The company says its net loss attributable to common shareholders amounted to $1.24 billion or $1.36 per share for the quarter ended Sept. 30 compared with a profit of $640 million or 70 cents per share a year earlier.

On an adjusted basis, BCE says it earned 75 cents per share in its latest quarter compared with an adjusted profit of 81 cents per share in the same quarter last year.

“Bell’s results for the third quarter demonstrate that we are disciplined in our pursuit of profitable growth in an intensely competitive environment,” BCE chief executive Mirko Bibic said in a statement.

“Our focus this quarter, and throughout 2024, has been to attract higher-margin subscribers and reduce costs to help offset short-term revenue impacts from sustained competitive pricing pressures, slow economic growth and a media advertising market that is in transition.”

Operating revenue for the quarter totalled $5.97 billion, down from $6.08 billion in its third quarter of 2023.
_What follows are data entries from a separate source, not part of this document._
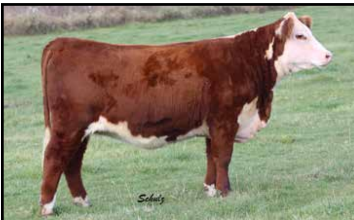
Lot 17 - ESS G060 Caliente E088 K35
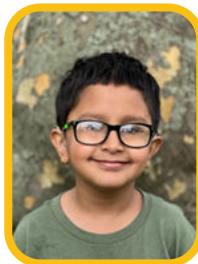
PRIYAS Pittsburgh Public School District
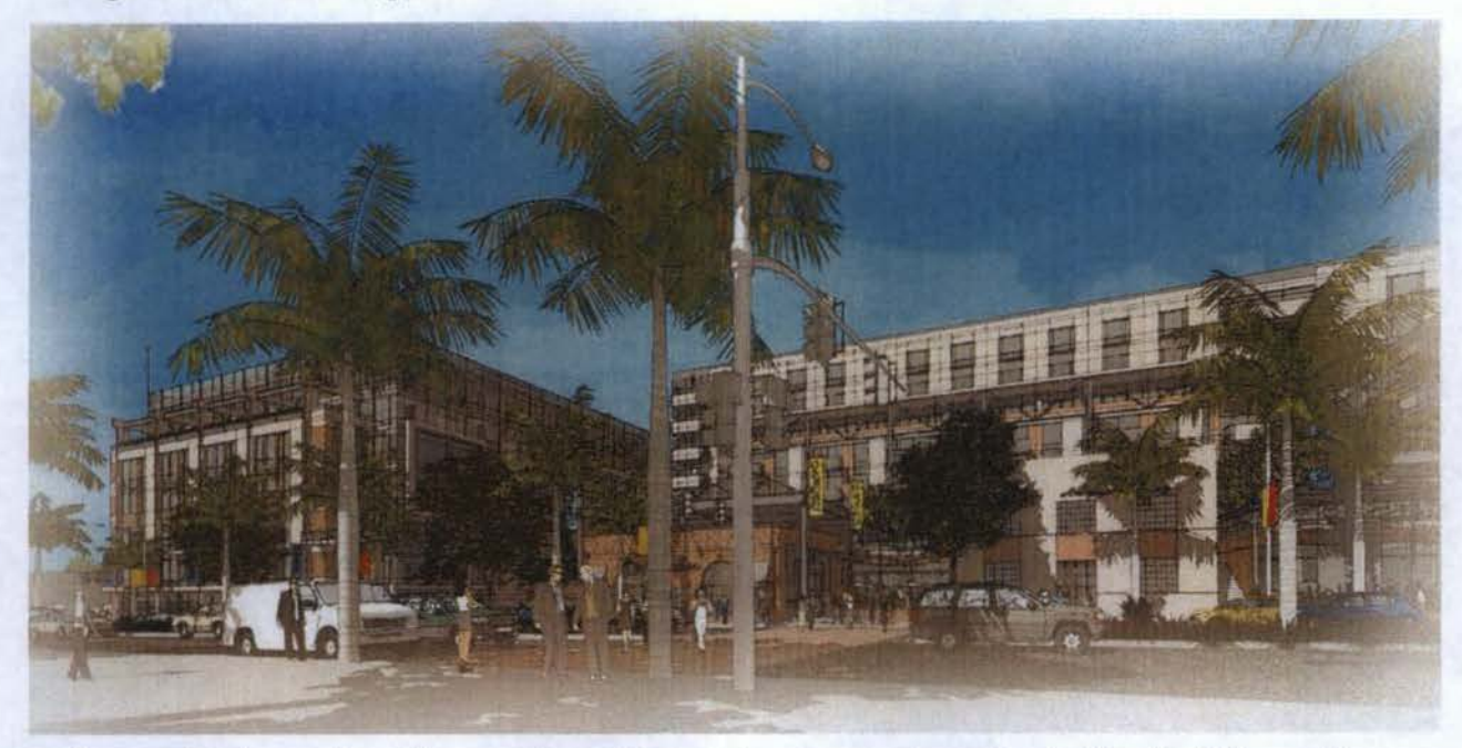
Arroyo Parkway: Looking southwest towards proposed medical office building, with assisted living facility in the background.

BCE also said it now expects its revenue for 2024 to fall about 1.5 per cent compared with earlier guidance for an increase of zero to four per cent.

The company says the change comes as it faces lower-than-anticipated wireless product revenue and sustained pressure on wireless prices.

BCE added 33,111 net postpaid mobile phone subscribers, down 76.8 per cent from the same period last year, which was the company’s second-best performance on the metric since 2010.

It says the drop was driven by higher customer churn — a measure of subscribers who cancelled their service — amid greater competitive activity and promotional offer intensity. BCE’s monthly churn rate for the category was 1.28 per cent, up from 1.1 per cent during its previous third quarter.

The company also saw 11.6 per cent fewer gross subscriber activations “due to more targeted promotional offers and mobile device discounting compared to last year.”

Bell’s wireless mobile phone average revenue per user was $58.26, down 3.4 per cent from $60.28 in the third quarter of the prior year.